Um, no, "GB" is ambiguous, so "GB" should not be used at all (without clarification).

(Sorry for the late, tangential comment, but I didn't want that suggestion out there uncontested.)

The first transcode should be ready by tomorrow this time. The second might take a day longer.

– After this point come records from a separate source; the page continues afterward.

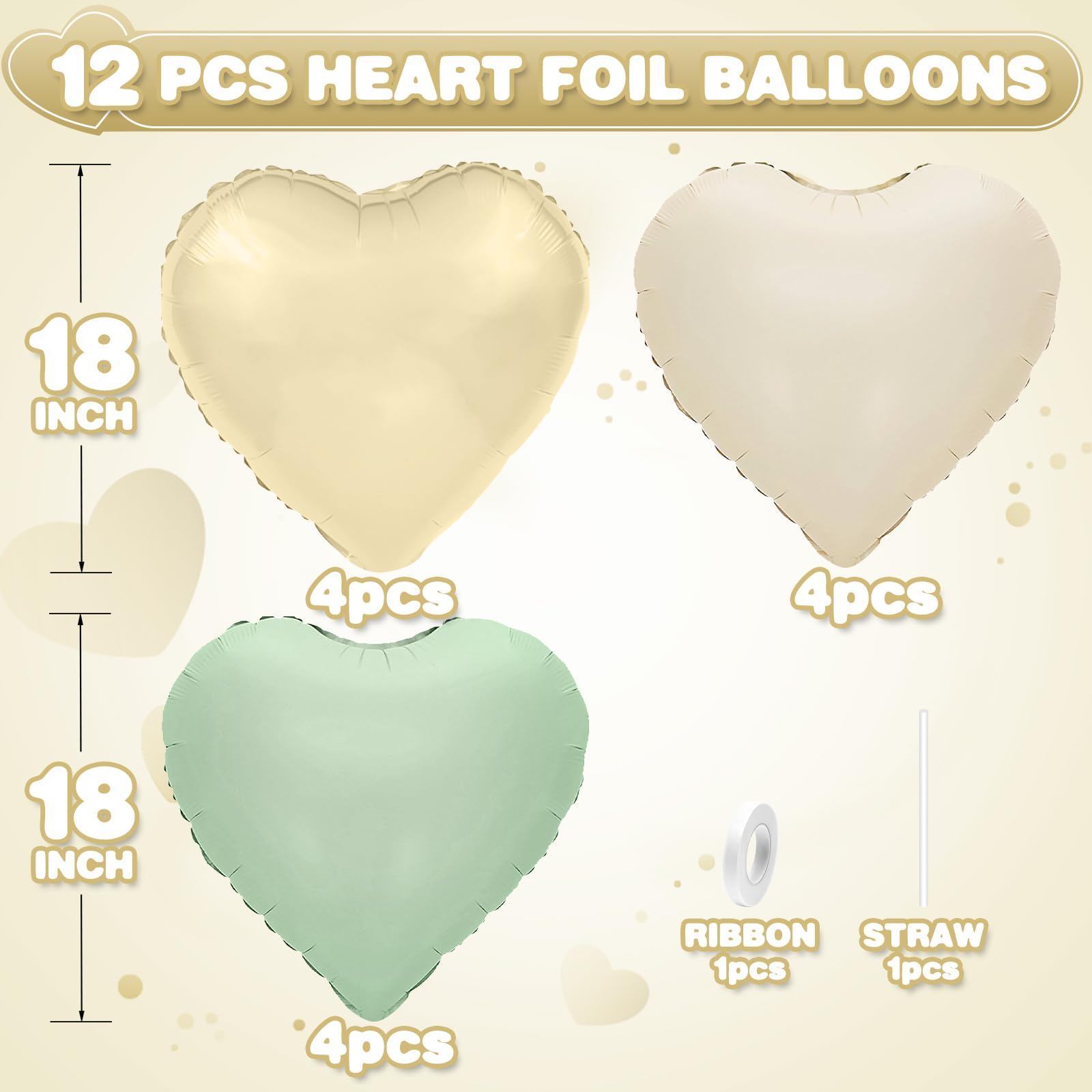 - 【12PCS HEART BALLOONS】Package include 4pcs light gold heart foil balloons,4pcs sage green heart foil balloons,4pcs cream white heart foil balloons,1pc straw.Large enough to help you better decorate your party.
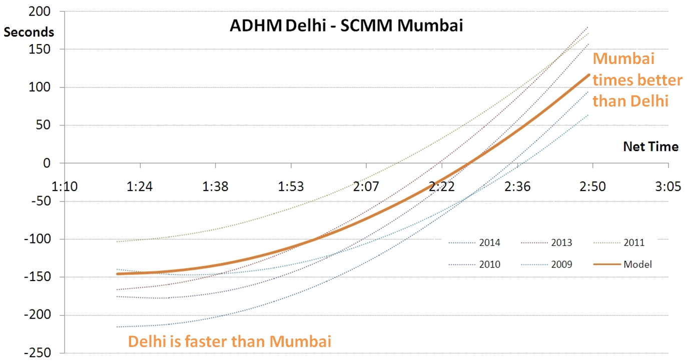 There is no single “Delhi is faster than Mumbai by X minutes” that paints a decent representation. In fact the slower runners in Delhi get faster by the time they race in Mumbai.
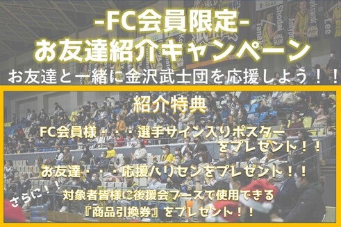 「お友達紹介キャンペーン」は、ファンクラブ会員様が、お友達を金沢武士団の試合に招待できるチャンスです☆
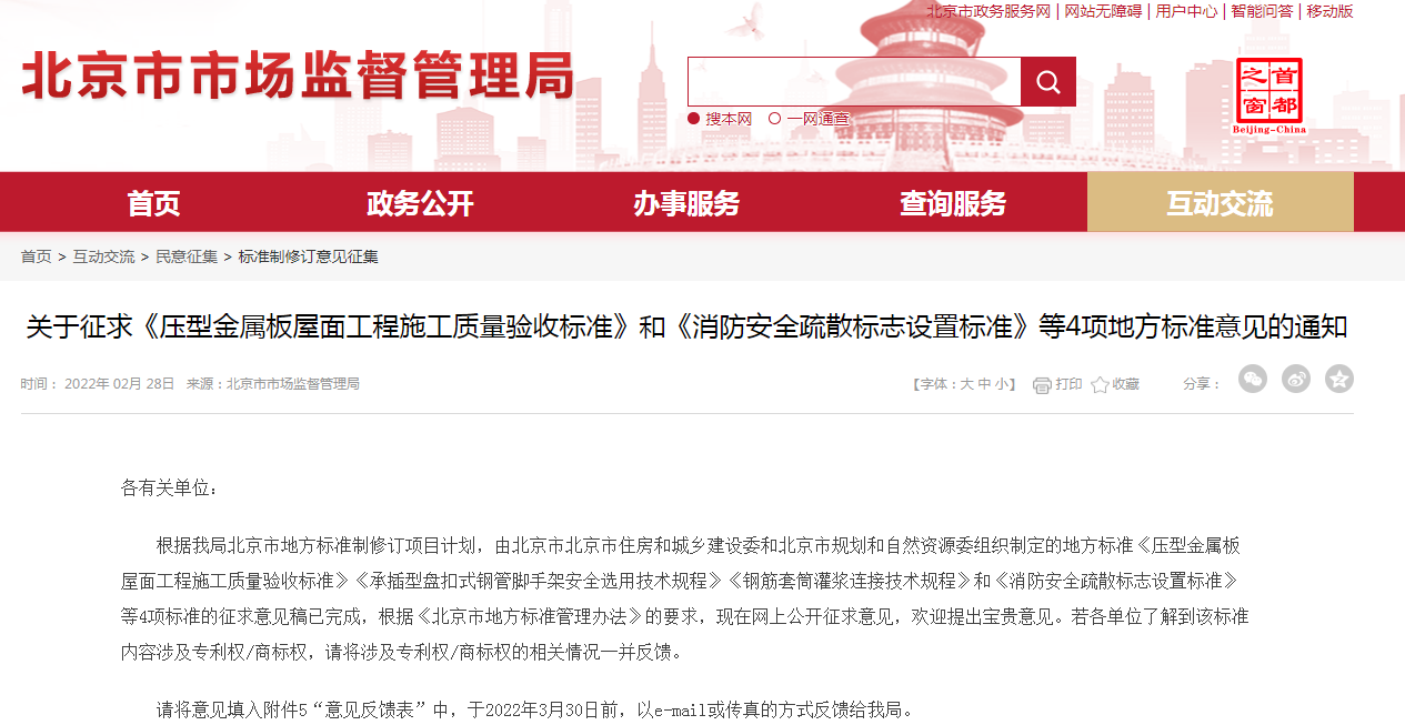 《消防安全疏散標志設置標準》面向社會公開征求意見,截止時間為2022年3月30日。
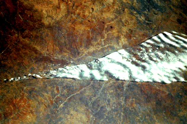 This photograph taken over Namibia reveals another effect of jet streams. Here two streams converge; cloud has formed in the corridor between the two streams. Turbulence along the margins of the jet stream may explain the sharp boundary. The point of convergence of the two air streams is precisely located by this photograph. Shadows mark the cloud edges against a sunlit Namibian backdrop. |
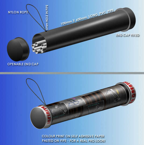 Una de las tapas puede ser cementada permanentemente a la tubería. La tapa del extremo actuará como la tapa. Grey estaba buscando un poco aburrido así que rápidamente había compilado algunas fotos, impresas sobre papel auto-adhesivo y había pegado sobre el tubo.
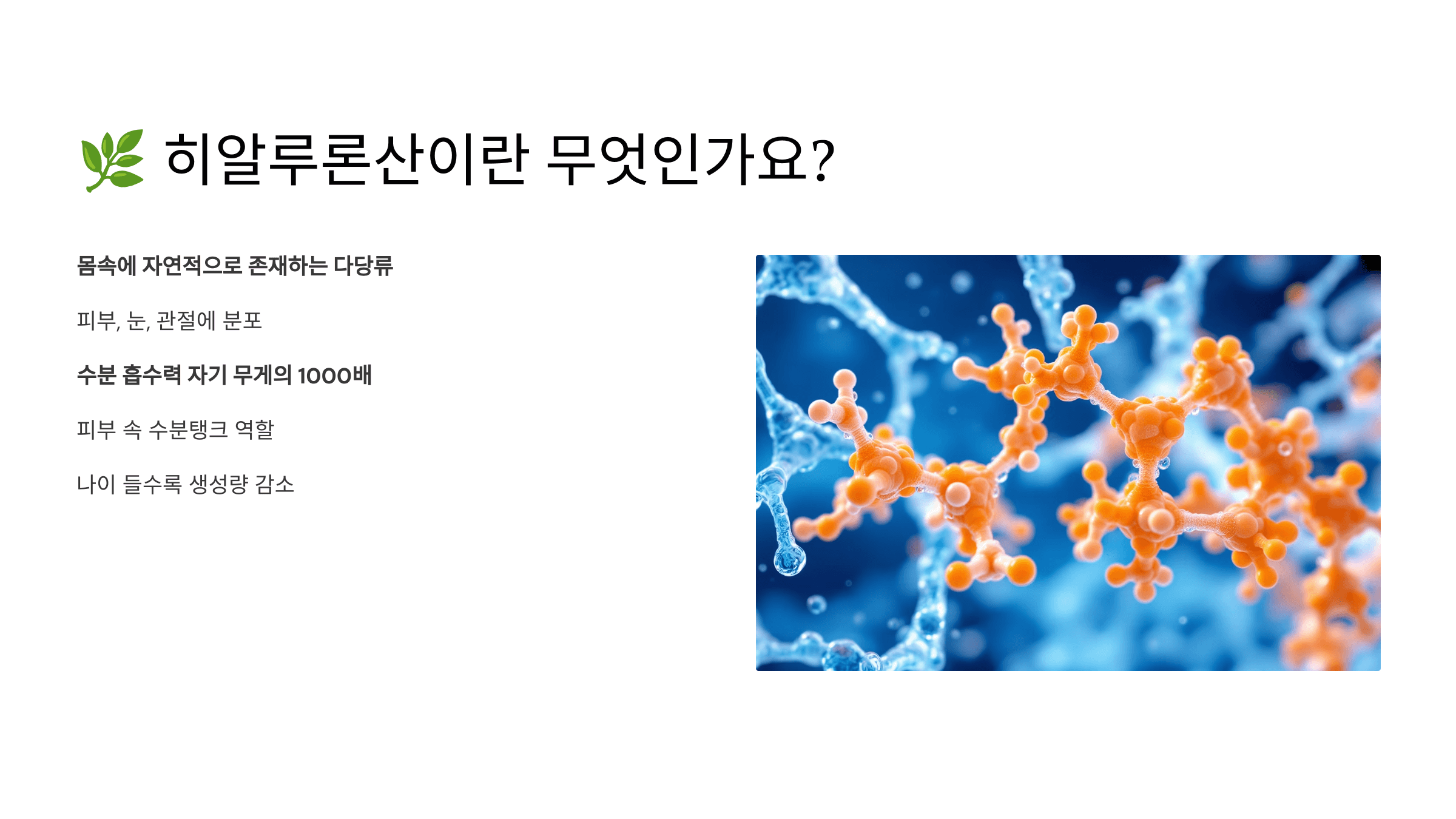 히알루론산은 단순한 유행이 아니라, 피부와 몸속 건강을 위한 핵심 성분이라는 걸 요즘 정말 실감하고 있어요.
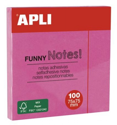 Öntapadó jegyzettömb, 75x75 mm, 100 lap, APLI "Funny", neon rózsaszín
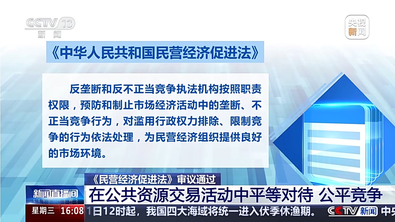 據(jù)楊合慶介紹,民營經(jīng)濟(jì)促進(jìn)法在保障公平競爭方面,完善了民營經(jīng)濟(jì)組織市場準(zhǔn)入領(lǐng)域公平參與市場競爭的制度機(jī)制,把實(shí)踐中行之有效的政策和做法確定為法律制度。
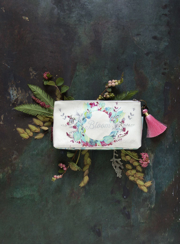 This small pouch is a great size for many different uses! Great make-up pouch or could be used to store stationary or hair accessories or other bits and pieces. 255mm x 125mm with 50mm wide base. Made from durable oiled cloth material lined with gorgeous colourful print. Zip closure with stamped metal lotus charm.
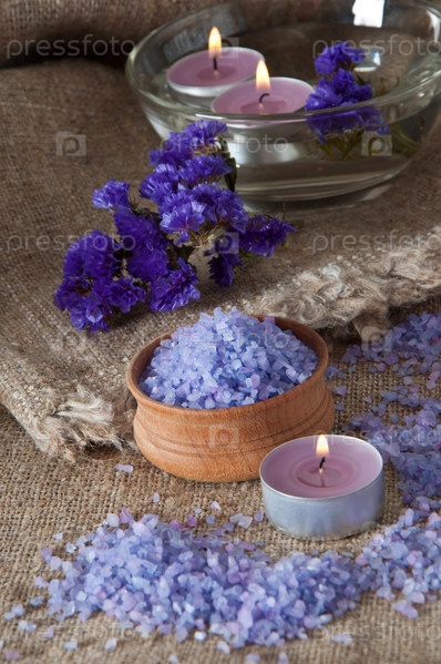 Соли и фиолетовые цветы лаванды
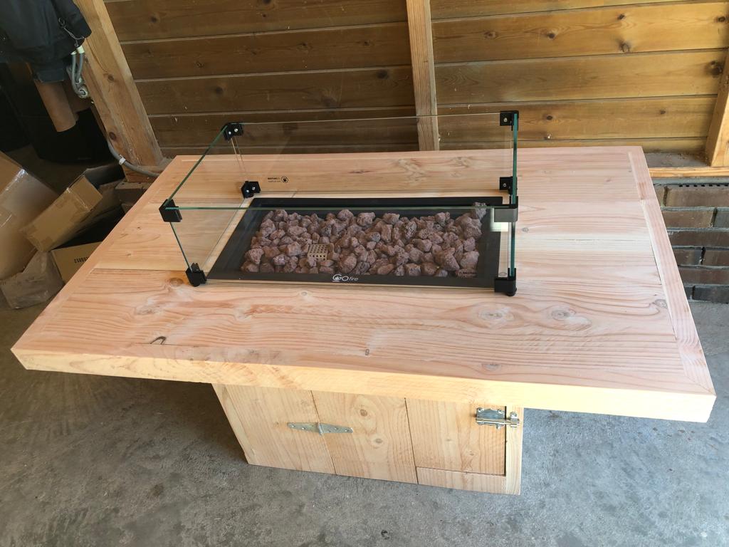 Tuintafel, Tuinmeubels, vuurtafels, bartafels, salontafel en bijzettafel van duurzaam Douglas hout,
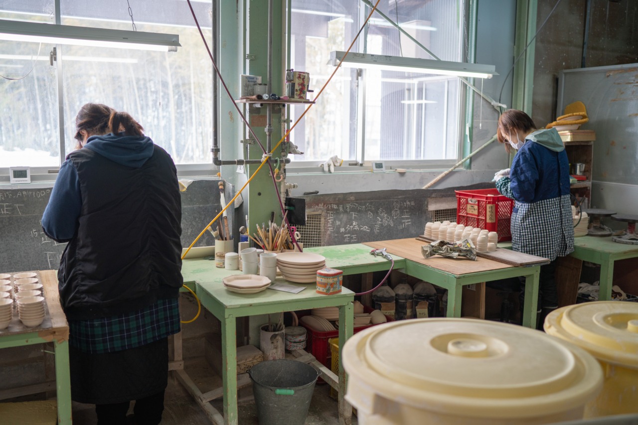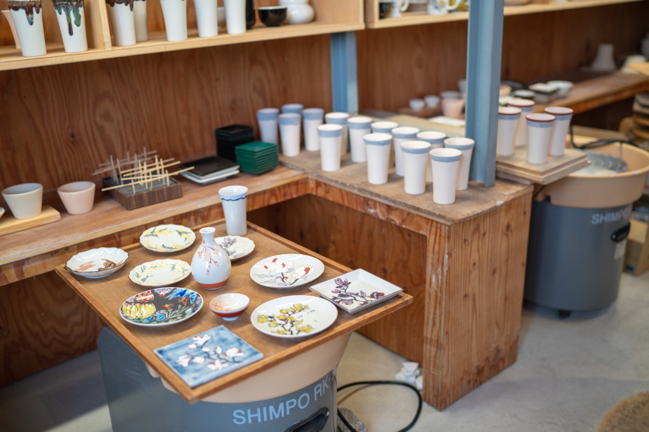 こちらでは、ろくろ体験や絵付け体験もしています。体験が無い時は商品開発もしているそうです。
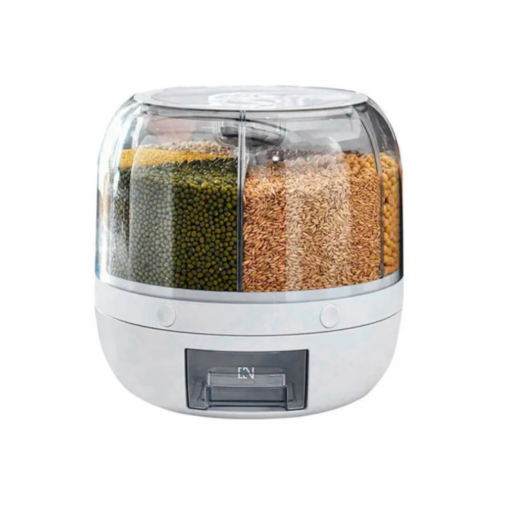 Диспенсер оснащён шестью отделениями, которые разделяют продукты, не давая им смешиваться. Благодаря вращению на 360 градусов вы с лёгкостью доберётесь до нужного отсека даже в углу кухни, что делает использование органайзера максимально удобным.
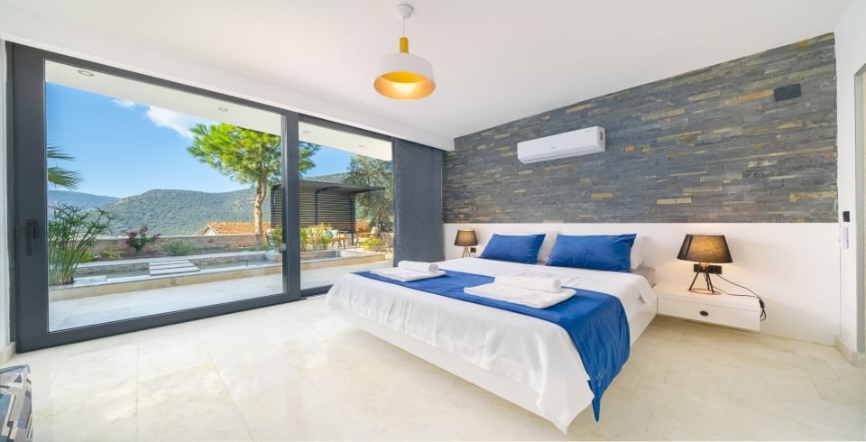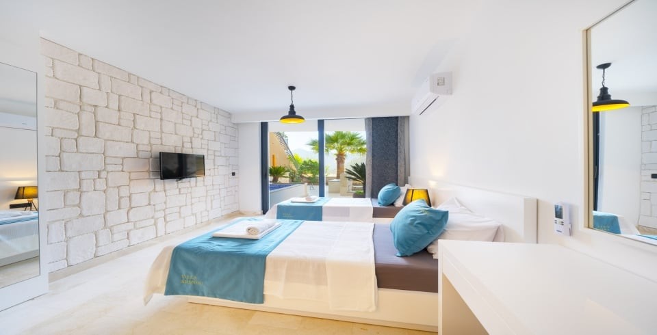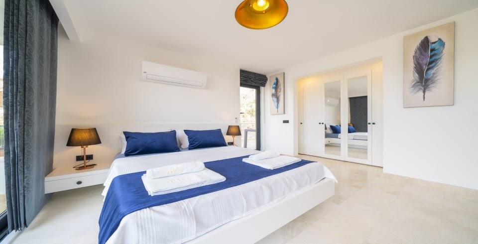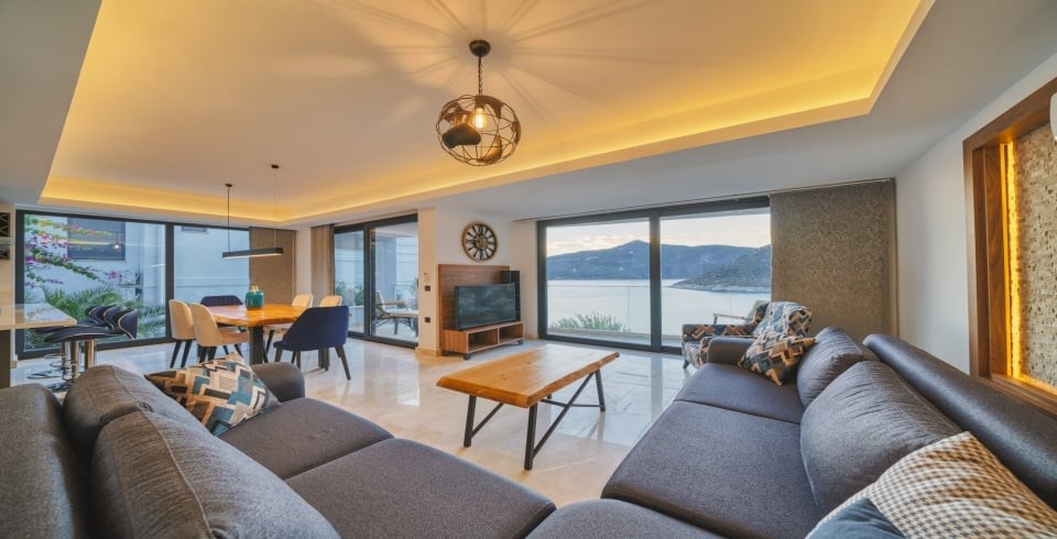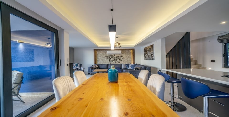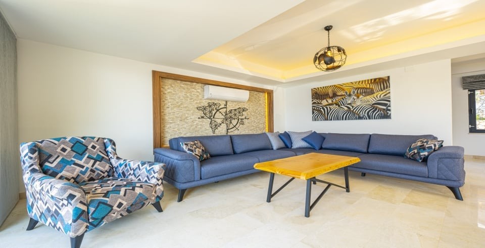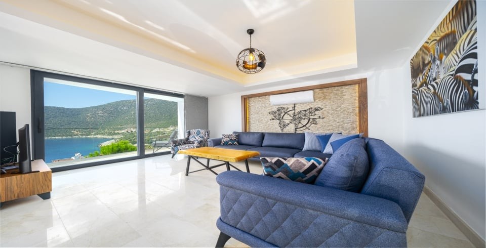 Salon: Geniş ve modern renklerle dekore edilmiş salonun eşsiz deniz ve doğa manzarası bulunmaktadır. Salon içerisinde oturma grubu, uydu TV (LCD), kablosuz internet, klima,6 kişilik yemek masası, havuz terasına çıkış ve ekstra wc bulunmaktadır.

Mentioned in SAL (#wikimedia-cloud) [2018-04-13T20:01:31Z] <zhuyifei1999_> bind mount /srv/zhuyifei1999 /srv/v2c/ssu on encoding01 so I can copy the videos to a publicly-accessible (v2c.wmflabs.org) instance local storage rather than the slooowww NFS T191572

@Dereckson https://v2c.wmflabs.org/J1.webm 3.3GiB sha1sum = 63888c9e0b2e913a90305548dc5d02e6d17fc3cf

frame=60382 fps=0.2 q=0.0 Lsize= 3415514kB time=00:16:46.36 bitrate=27802.9kbits/s dup=0 drop=10 speed=0.004x     
video:3384620kB audio:30073kB subtitle:0kB other streams:0kB global headers:0kB muxing overhead: 0.024073%

For future reference:

$ ffprobe -hide_banner J1.mp4 
Input #0, mov,mp4,m4a,3gp,3g2,mj2, from 'J1.mp4':
  Metadata:
    major_brand     : mp42
    minor_version   : 0
    compatible_brands: isommp42
    creation_time   : 2018-04-04 06:36:56
    location        : +35.8139+127.1483/
    location-eng    : +35.8139+127.1483/
    com.android.version: 7.0
  Duration: 00:16:46.35, start: 0.000000, bitrate: 28268 kb/s
    Stream #0:0(eng): Video: h264 (High) (avc1 / 0x31637661), yuv420p(tv, bt709), 1920x1080, 28005 kb/s, SAR 1:1 DAR 16:9, 60.01 fps, 60 tbr, 90k tbn, 180k tbc (default)
    Metadata:
      creation_time   : 2018-04-04 06:36:56
      handler_name    : VideoHandle
    Stream #0:1(eng): Audio: aac (LC) (mp4a / 0x6134706D), 48000 Hz, stereo, fltp, 256 kb/s (default)
    Metadata:
      creation_time   : 2018-04-04 06:36:56
      handler_name    : SoundHandle
$ ffprobe -hide_banner J1.webm
Input #0, matroska,webm, from 'J1.webm':
  Metadata:
    encoder         : Lavf57.25.100
  Duration: 00:16:46.37, start: 0.007000, bitrate: 27802 kb/s
    Stream #0:0(eng): Video: vp9 (Profile 0), yuv420p(tv), 1920x1080, SAR 1:1 DAR 16:9, 60 fps, 60 tbr, 1k tbn, 1k tbc (default)
    Stream #0:1(eng): Audio: opus, 48000 Hz, stereo, fltp (default)
$ ls -l J1.mp4 J1.webm
-rw-r--r-- 1 zhuyifei1999 wikidev 3555981415 Apr  9 17:26 J1.mp4
-rw-r--r-- 1 zhuyifei1999 wikidev 3497486751 Apr 14 14:26 J1.webm
Dereckson closed this task as Resolved.EditedApr 14 2018, 4:37 PM

Successfully uploaded at https://commons.wikimedia.org/wiki/File:Jeonbuk_Memorial_altar_for_70th_anniversary_of_the_Jeju_April_3rd_Incident_(1).webm

Thanks @Goryeo to have submitted this video and for your patience, thanks @zhuyifei1999 for your great video transcode support, it's appreciated.

(I'm still doing the second video though)

The second one has a dedicated task: T191610

Okay then, thanks for clarification.